Mr Edward Colston; Mr. F. W. Stevens; Mr. W. D. Corn; Mr. I. R. Longsworth and Messrs. Seiders & Cunningham, for plaintiff in error.

Where inconsistent or contradictory charges are given, some correct and some incorrect, error is not cured, for it is impossible to say which instruction the jury followed. Armour & Co. v Russell, 144 F. 614, 75 C.C.A. 416; Conway v. Railway Co., 50 Ia. 465; Hughley v. Wabasha, 69 Minn. 245; Barr v. State, 45 Neb. 459.

The legal presumption is that an erroneous charge produces prejudicial error. Baldwin v. Bank, 1 Ohio St. 141; Meek v. Pennsylvania Co., 38 Ohio St. 632; Jones v. Bangs, 40 Ohio St. 139; Lowe v. Lehman, 15 Ohio St. 179; Insurance Co. v. Sherlock, 25 Ohio St. 50.
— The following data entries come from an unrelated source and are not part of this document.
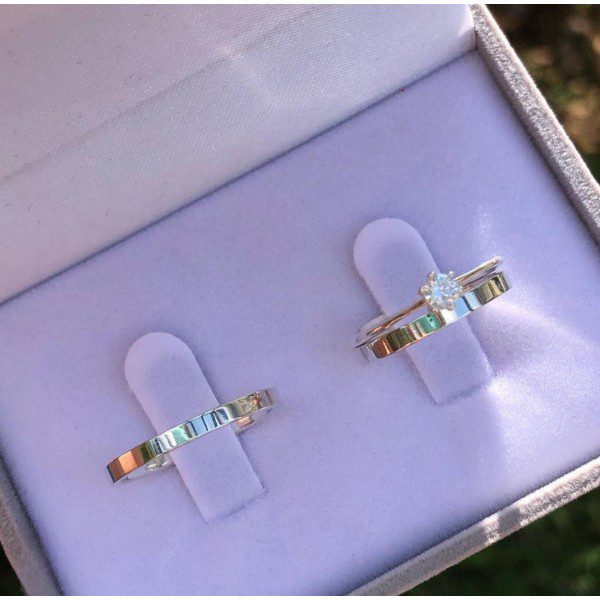 Alianças de Namoro Finas em Prata 950 | 2mm Liso | Reto Semi Anatômico | Modelo Cibele | Anel Solitário Incluso
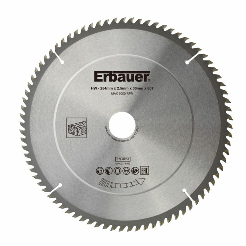 Tarcza do drewna Erbauer 254 x 30/25/20/16 mm 80T
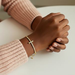 ✨ Keep your sacred faith close to you Radiant Faith 14k Gold-Filled Rhinestone Cross Bracelet. Each stone radiates divine light, symbolizing hope and unwavering faith. Ideal for daily wear or layering, this bracelet adds a heavenly touch to any outfit. It's more than jewelry; it's a declaration of grace.
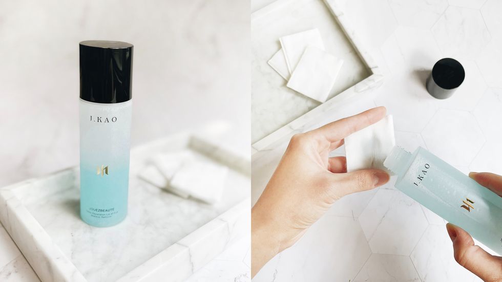 當然光說不練是不行的,E編拿出了去海邊玩整天都不會掉的超強防油抗汗睫毛膏、眼線,以及完全不沾口罩的超持色染唇膏來殘酷實測!擁有水藍漸層、高效雙層油水配方的「J.GAO 玩美深層修護眼唇卸妝液」,搖勻後搭配化妝棉使用,只要濕敷約30秒,再難纏的彩妝都清潔溜溜!輕輕的就一抹即淨,眼睛不會有熊貓眼卸不乾淨,雙唇也不會有唇膏卡紋,完全不用怕大力卸出眼周細紋、唇紋~而且卸後肌膚不僅不緊繃乾澀,還很水潤透亮,不是E編在誇張,卸完的肌膚水水潤潤真的有一種保養完的錯覺啊!很讚的是,「J.GAO 玩美深層修護眼唇卸妝液」成分溫和中性不刺激也不熏眼,清爽不油膩,不只大推有接睫毛的女孩,連敏感肌都能放心使用!想要看起來年輕減齡嗎?快一起讓「養膚分區卸妝法」成為妳的保養習慣吧!
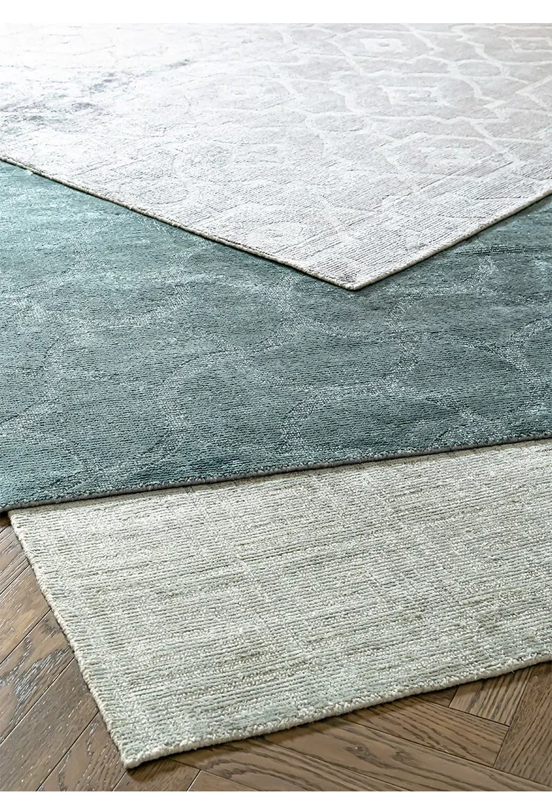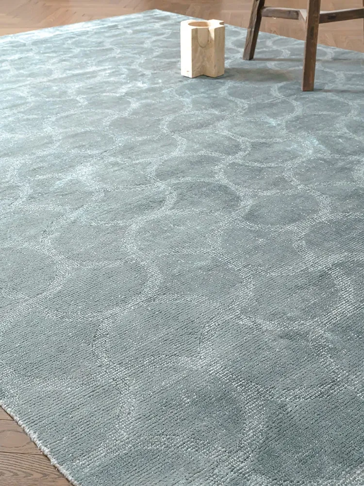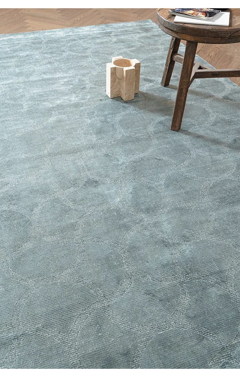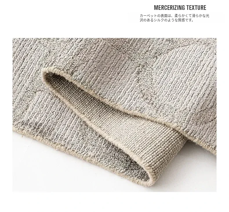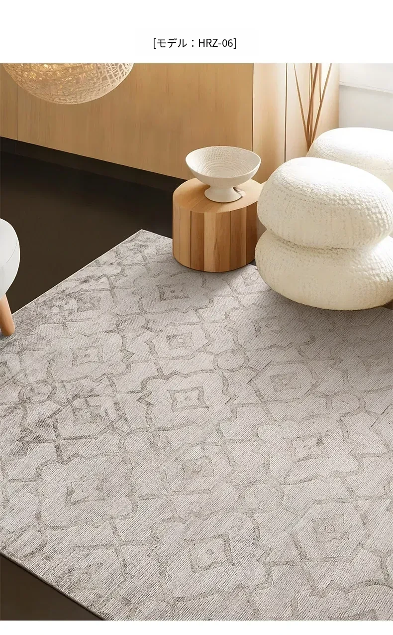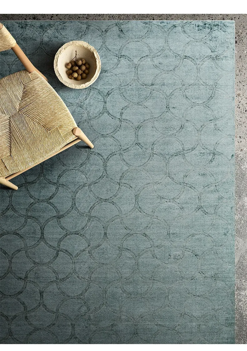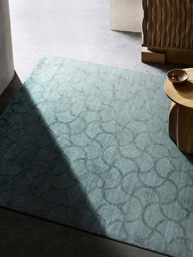視覚と味覚のハーモニー!オリジナル輸入の高級感あふれる大地毯。リビングにぴったりのウールとシルク混合のグリーンカーペット、接着剤やホルムアルデヒド不使用で安心・安全。
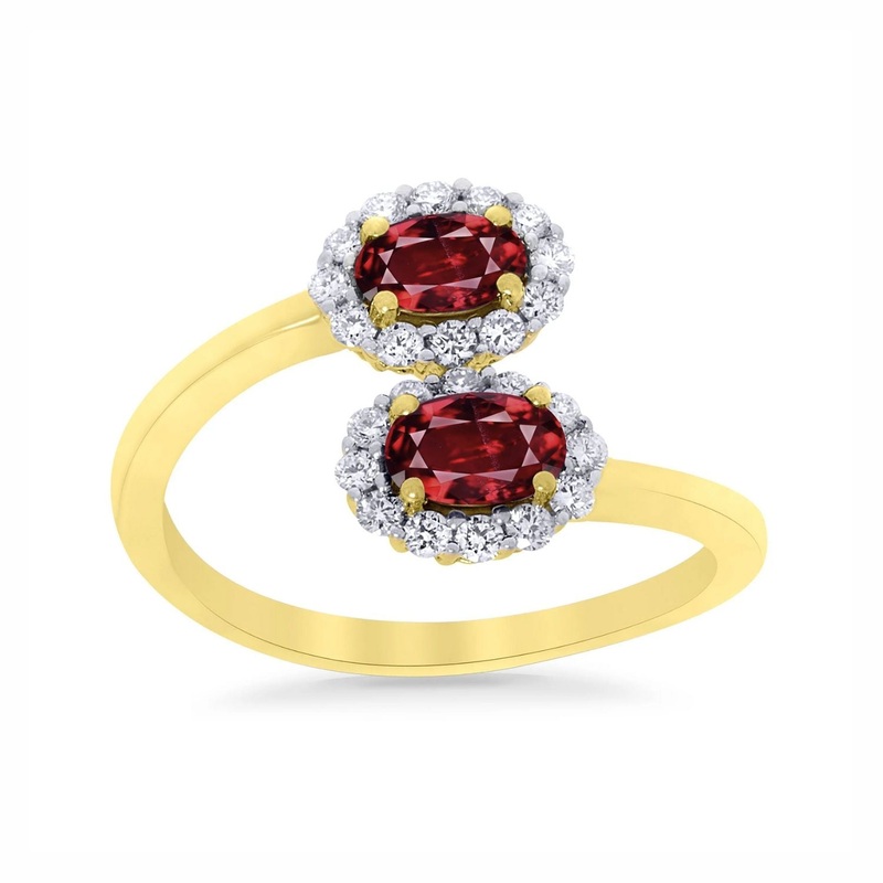 Modern twist on a classic toi et moi style ring. Two 5x3mm oval garnets are set with a diamond halo on a 9ct yellow gold crossover style ring. Total diamond weight 0.14ct
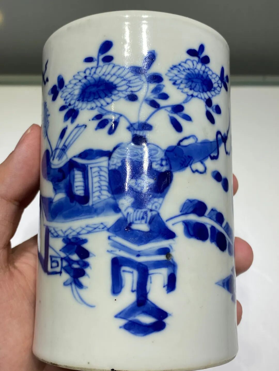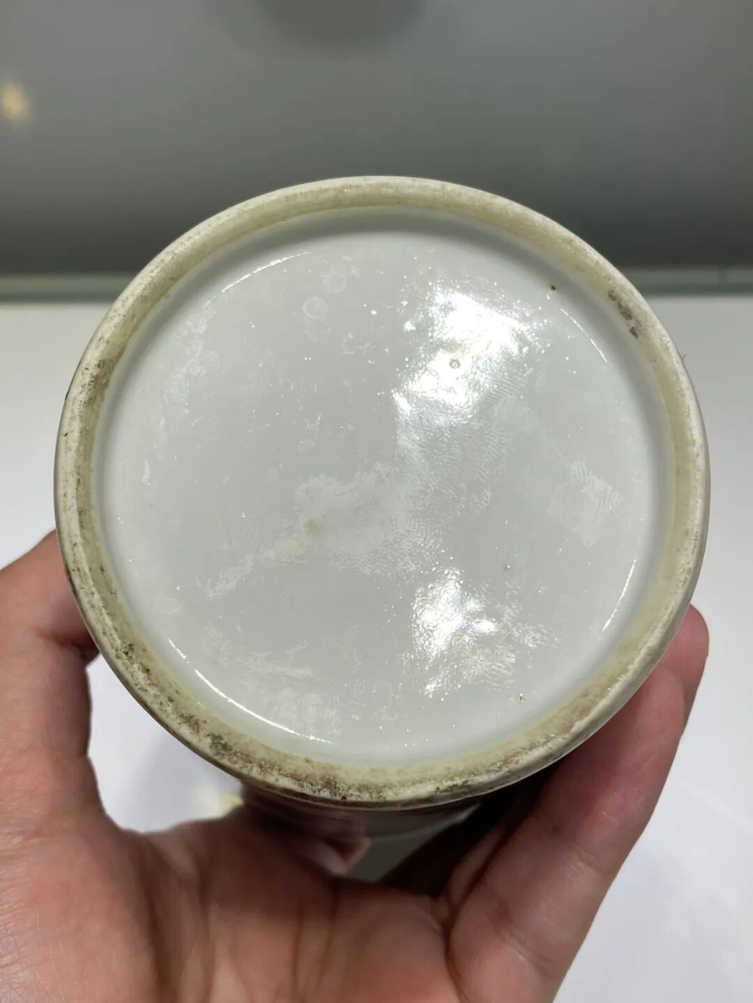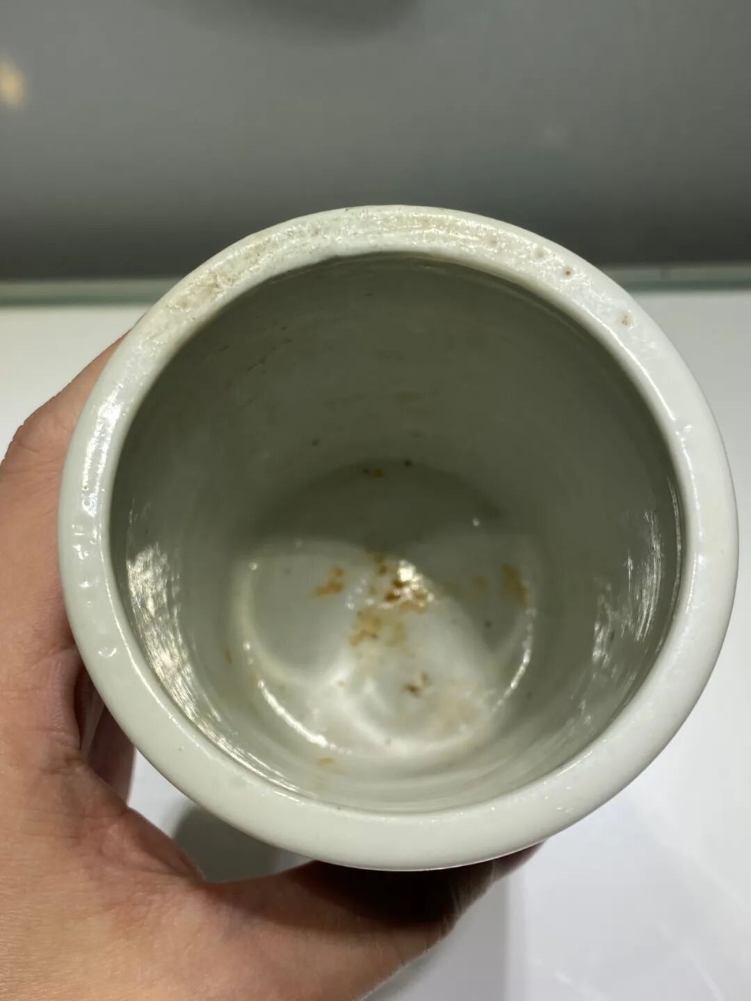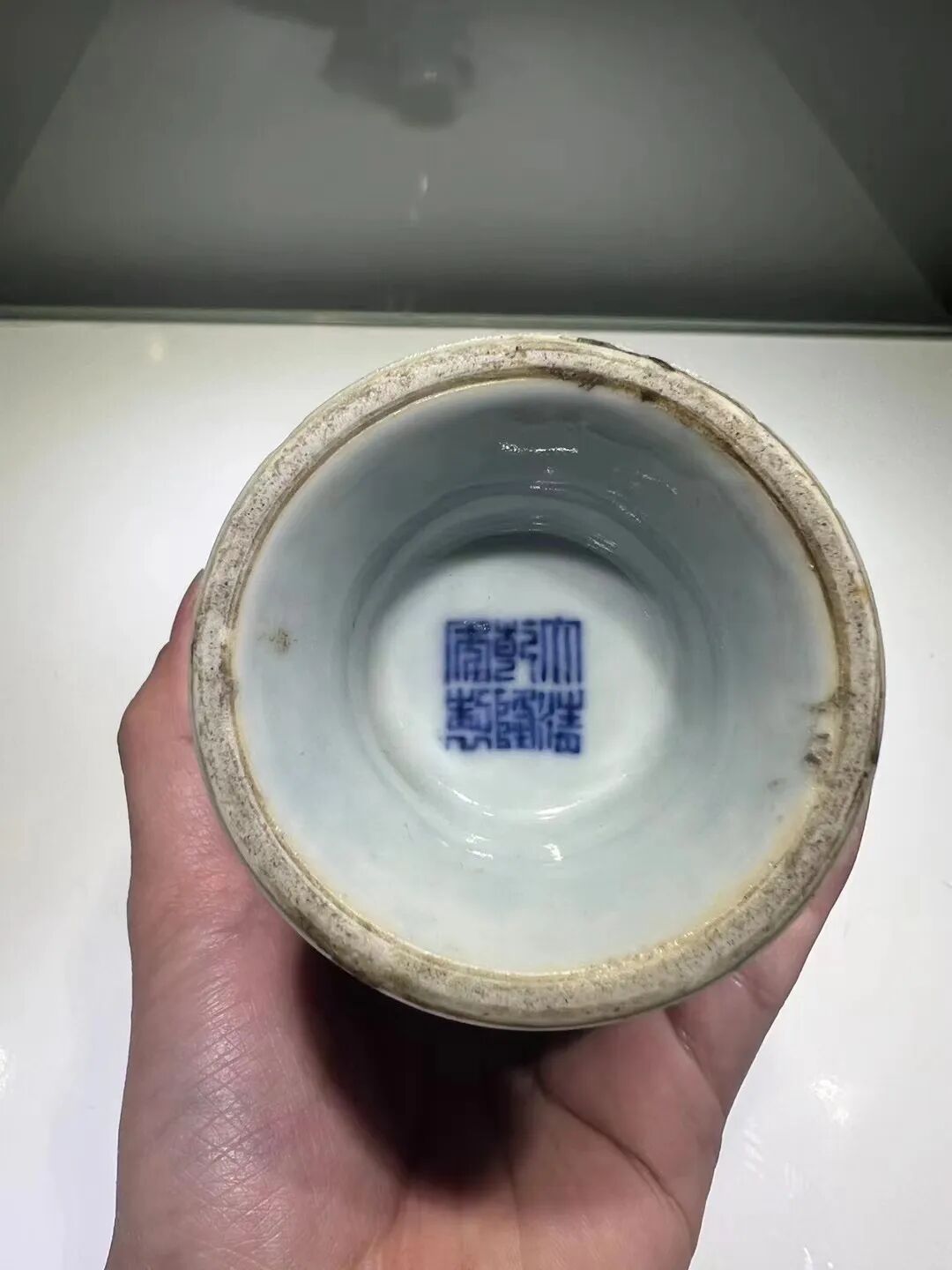 高11.4cm 口径7.5cm 品相有一处冲修,内有鸡爪不透,余没毛病。
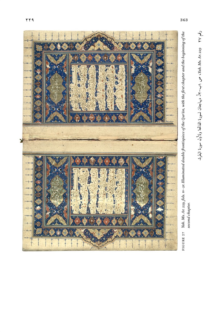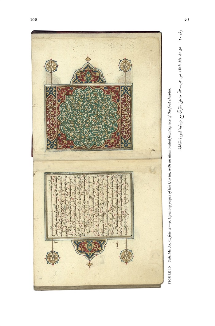10 - Yah. Ms. Ar. 50, fols. 2v-3r. Opening pages of the Qur'an, with an illuminated frontispiece of the first chapter 108
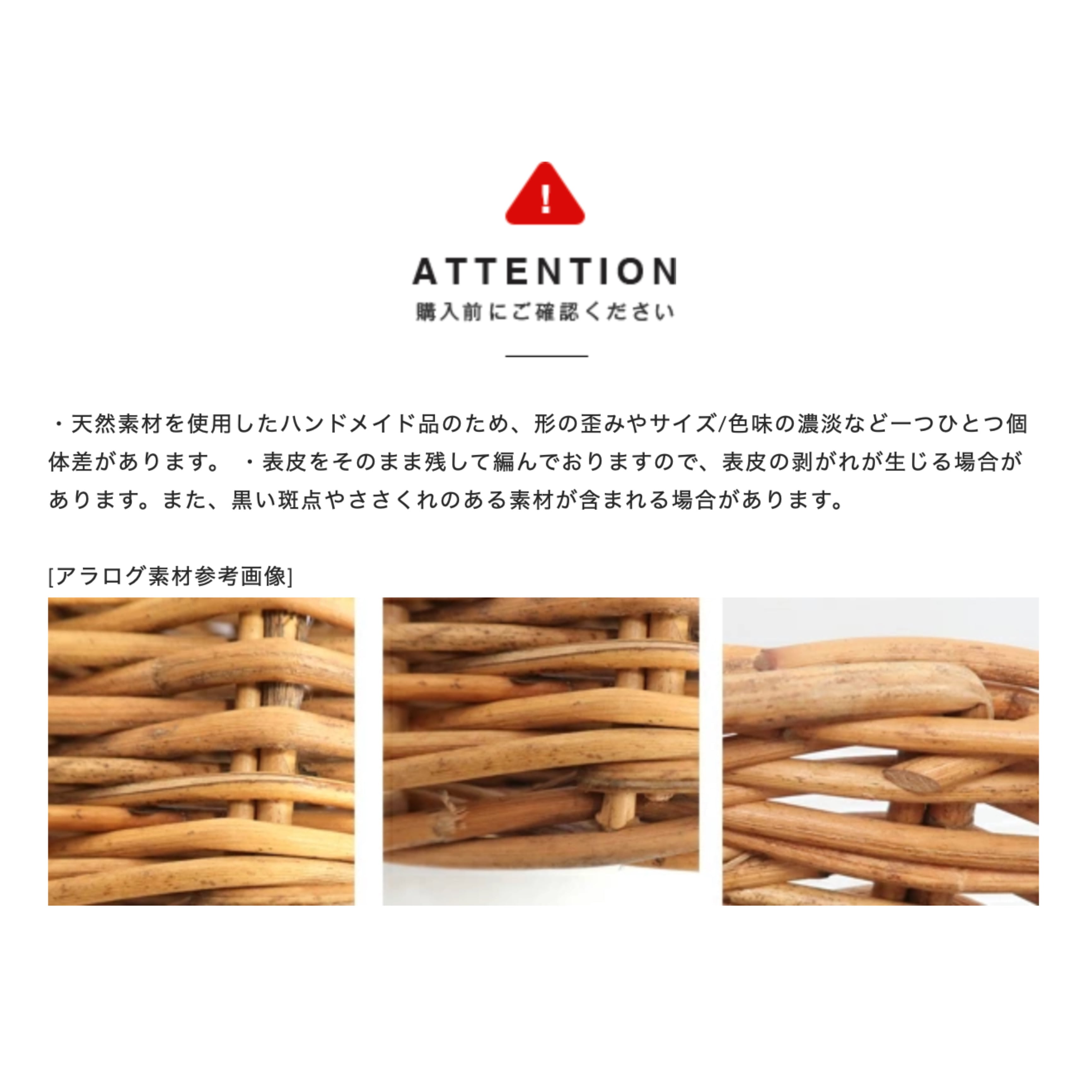 THE AROROG(ジ・アラログ)シリーズのかごは、表皮をそのまま残した皮付きラタン(藤)の中から、不揃いな材を使用することで、アンティークの風合いが感じられます。丈夫な素材のため長年愛用していただけ、いつかは本物のアンティークに、、、

This court in a number of cases has declared that all that is required of a master is that he shall use ordinary and reasonable care and diligence to furnish a reasonably safe place for his servants to work in. Railroad Co. v. Barber, 5 Ohio St. 541; Schaal v. Heck, 17 C. C., 38; Railway Co. v. Beard, Admr., 20 C. C., 681; Speller v. Brewing Co., 16 Dec., 520; 26 Cyc., 1102, 1498; Railroad Co. v. McDade, 135 U.S. 554; Railway Co. v. Barrett, 166 U.S. 617; Hough v. Railway Co., 100 U.S. 213; Railway Co. v. O'Brien, 161 U.S. 451.

It is reversible error for courts to instruct juries that a master is obliged to furnish his servant with a reasonably safe place in which to work. Armour & Co. v. Russell, 75 C.C.A. 416, 144 F. 614; Railroad Co. v. Gloyd, 70 C.C.A. 528, 138 F. 388; Railroad Co. v. Holloway, 52 C.C.A. 260, 114 F. 458; Manufacturing Co. v. Johnson, 32 C.C.A. 309, 89 F. 677; Railroad Co. v. Myers, 63 F. 793.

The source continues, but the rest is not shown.